**Instructions to follow**
From the first line down to the line containing "Just a little", print the records below exactly, leaving every picture out.

**Input records**
· · · · · · ·
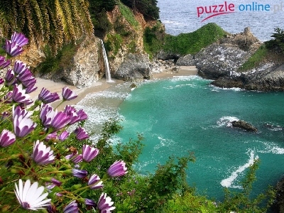Puzzle Kwiaty, Morze, Zatoka, Skały
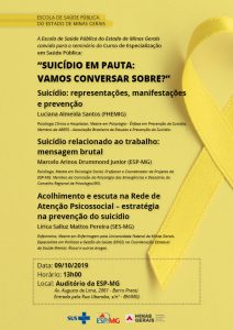A Escola de Saúde Pública do Estado de Minas Gerais (ESP-MG) realizará, no próximo dia 09 de outubro às 13hs, o seminário: “Suicídio em Pauta: Vamos Conversar Sobre?”. A atividade, promovida pelo Curso de Especialização em Saúde Pública, marca os debates do setembro amarelo e a importância da discussão do tema para a Saúde Pública e a sociedade. Evento será realizado no auditório da Escola e é aberto ao público (sujeito a lotação).
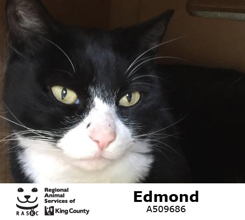 Want to adopt Edmond? Come see him, and all of his friends, at our Kent location, or online at www.kingcounty.gov/AdoptAPet. We hope we see you this weekend!
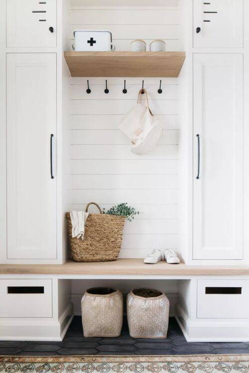 Just a little bit of texture on the walls can make a lot of difference. This entryway only has a bench, but the wall paneling takes it to the next level.
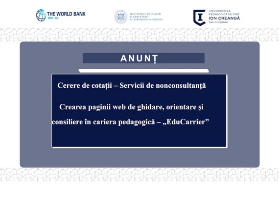 Țara: Republica MoldovaInstituția: Instituția Publică Universitatea Pedagogică de Stat „Ion Creangă” din ChișinăuTitlul proiectului: Învățământul Superior din Moldova Titlul subproiectului: Asigurarea calității și relevanței formării profesionale a viitorilor pedagogi prin programe de studii inovative și conexe la piața muncii, (ACRVP) Obiectul achiziției: Crearea paginii web de ghidare, orientare și consiliere […]
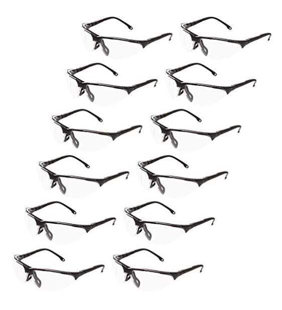 12-pack of shooting safety glasses provides important eye protection; designed for both women and men Clear lens made of strong polycarbonate; ideal for use at an indoor shooting range or when hunting outdoors Anti-fog coating helps prevent lens from fogging up—especially useful in humid conditions Durable, yet lightweight black frame provides a comfortable fit; sleek, sporty appearance Measures 6.1 by 5.8 by 1.9 inches (LxWxH); backed by an AmazonBasics 1-year limited warranty
· · · · · · ·
**Response below**
Puzzle Kwiaty, Morze, Zatoka, Skały
A Escola de Saúde Pública do Estado de Minas Gerais (ESP-MG) realizará, no próximo dia 09 de outubro às 13hs, o seminário: “Suicídio em Pauta: Vamos Conversar Sobre?”. A atividade, promovida pelo Curso de Especialização em Saúde Pública, marca os debates do setembro amarelo e a importância da discussão do tema para a Saúde Pública e a sociedade. Evento será realizado no auditório da Escola e é aberto ao público (sujeito a lotação).
 Want to adopt Edmond? Come see him, and all of his friends, at our Kent location, or online at www.kingcounty.gov/AdoptAPet. We hope we see you this weekend!
 Just a little bit of texture on the walls can make a lot of difference. This entryway only has a bench, but the wall paneling takes it to the next level.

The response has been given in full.